Мои листочки синего, желтого и розового цветов называются «стикеры» и крадутся из театра, где мне их накупила мой секретарь Леночка, с разрешения бухгалтерии и дирекции, которые думают, что я их использую для распределения ролей в будущих премьерах. А я на них мыслю и прилагаю к данному изданию для красоты и утолщения.


Отрывок 1. Про книги. Эту и другие


Сегодня всякая философия превращается в соревновательно-разговорную эквилибристику. Мы дожили до такого времени, когда никому не может прийти в голову, что кто-то говорит правду. Без идеологии очень трудно. Мы не можем, потому что привыкли и впитали с молоком создателей, что она незыблема. Все рухнуло. Ищем. Но поиски идеи нельзя подменять просто сомнением. Идеи тем и опасны, и прекрасны, что вынуждены быть гениальными. Даже во времена так называемого «застоя», мечта была незыблема. Великие устои жуткого застоя. Маяковский, где ты? Думаю, что сегодня, дабы не погрязнуть в пучине доморощенно-бесстыдных философских выкладок, нужно искать радость. А радость – это всегда случайность, вернее случай. Этот случай и привел меня снова к письменному столу.

Однажды записывали видео для YouTube-канала сына Миши и хвалились нашим родовым имением в виде дачи. Миша ссылался на нашу литературу: свою книжку «Мемуары двоечника» и мои опусы. Все книжки разложили на деревянном столе посреди огорода, и было ощущение, что я сижу в саду сельской библиотеки. А так как все сельские библиотеки давно закрыты, мы с ребенком выглядели как этакая «выездная сессия остаточного книголюбия». Я взорлил, а потом стали меня будоражить мысли: кому эти книжки интересны? Если мемуары не скрашены иронией, они вообще не нужны. А когда все время думаешь о том, что должно быть смешно, убегает смысл. Не всегда то, что важно, обязательно смешно, и наоборот, но если не можешь не писать – пиши.
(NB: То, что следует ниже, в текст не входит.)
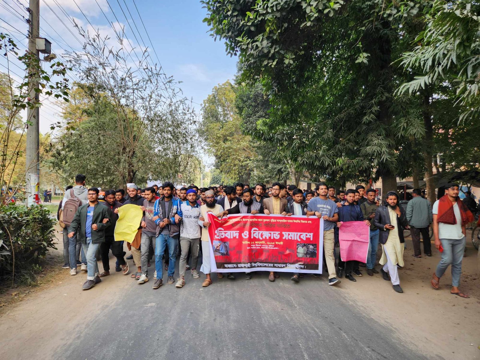 পরে বিক্ষোভ মিছিলটি ক্যাম্পাসের বিভিন্ন সড়ক প্রদক্ষিণ করে। শিক্ষার্থীরা "আল কোরআনের অপমান সইবে না মুসলমান", "নারায়ে তাকবির আল্লাহু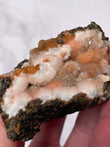 Displays warm peach to orange tones with creamy white zeolite formations. Pieces often show botryoidal textures, soft crystal sprays, and natural matrix contrast, making each specimen visually unique.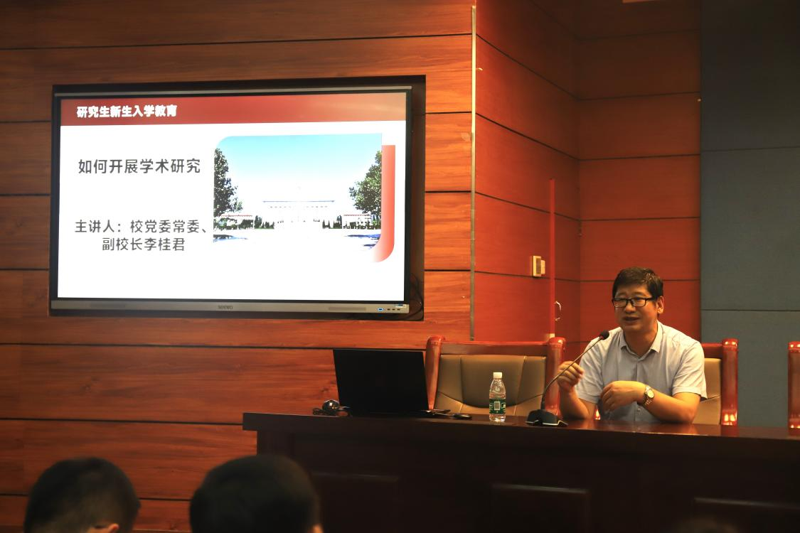 李桂君向所有研究生新生到经贸求学表示热烈欢迎。他以《如何开展学术研究》为题,从“提升综合素质”“保持学术热情”“强化创新思维”三个方面为研究生们讲授开学第一课,鼓励同学们以师为友、独立思考、勇于探索、脚踏实地,在科研探索的道路上永葆初心与热情。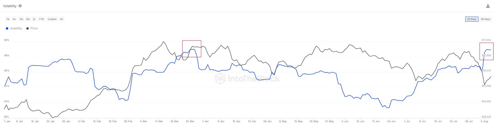 Также на фоне резких изменений курса Биткоина его волатильность прыгнула до максимума с марта. То есть стоимость криптовалюты в последнее время меняется очень резко, что говорит о неопределённости в индустрии.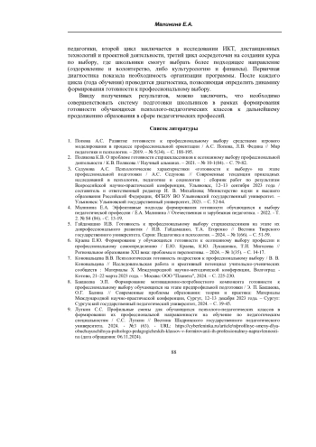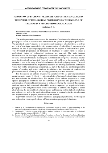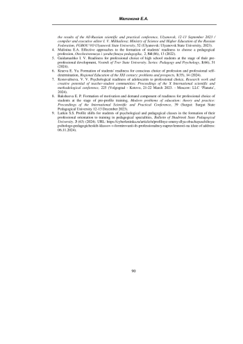 МАЛИНИНА Е. А. ФОРМИРОВАНИЕ ГОТОВНОСТИ ОБУЧАЮЩИХСЯ К ДАЛЬНЕЙШЕМУ ПРОДОЛЖЕНИЮ ОБРАЗОВАНИЯ В СФЕРЕ ПЕДАГОГИЧЕСКИХ ПРОФЕССИЙ НА ПРИМЕРЕ ОБУЧЕНИЯ В ПСИХОЛОГО-ПЕДАГОГИЧЕСКОМ КЛАССЕ // УЧЕНЫЕ ЗАПИСКИ КРЫМСКОГО ФЕДЕРАЛЬНОГО УНИВЕРСИТЕТА ИМЕНИ В. И. ВЕРНАДСКОГО. СОЦИОЛОГИЯ. ПЕДАГОГИКА. ПСИХОЛОГИЯ. 2025. ТОМ 11 (77). № 3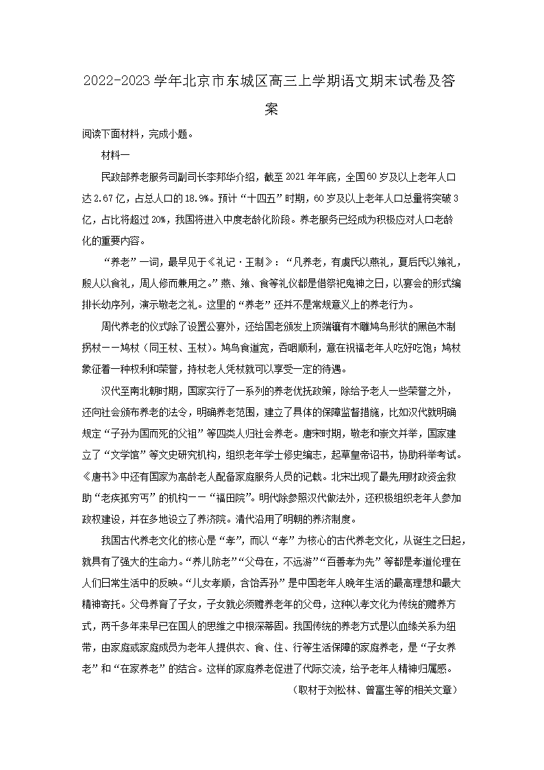 【文档预览】 文档大全网整理发布2022-2023学年北京市东城区高三上学期语文期末试卷及答案(Word版),前五页预览如下:

Хочется, чтобы книжка была разумных размеров. Тоненькая – говорит о нищете духа, интеллекта и сведений. Правда, тут возможны издательские уловки, которые скрашивают дебилизм автора. Листал прекрасно изданную мемуаристку, где на каждой странице – одна фраза или даже одно слово. Страница – в золотой окантовке, и написано: «Ах!» А на следующей: «Ох!» Потом: «Ух!» Дальше: «Эх ты!» И вот уже четыре страницы. Или еще прием: в настоящих воспоминаниях обязательно надо кого-то благодарить. «Автор благодарит профессора Финкельштейна за прекрасную идею создания этих воспоминаний, мадам П., которая любезно предоставила архивы своего покойного мужа Х., а также маму и папу…» Вот уже четыре страницы бессмыслицы.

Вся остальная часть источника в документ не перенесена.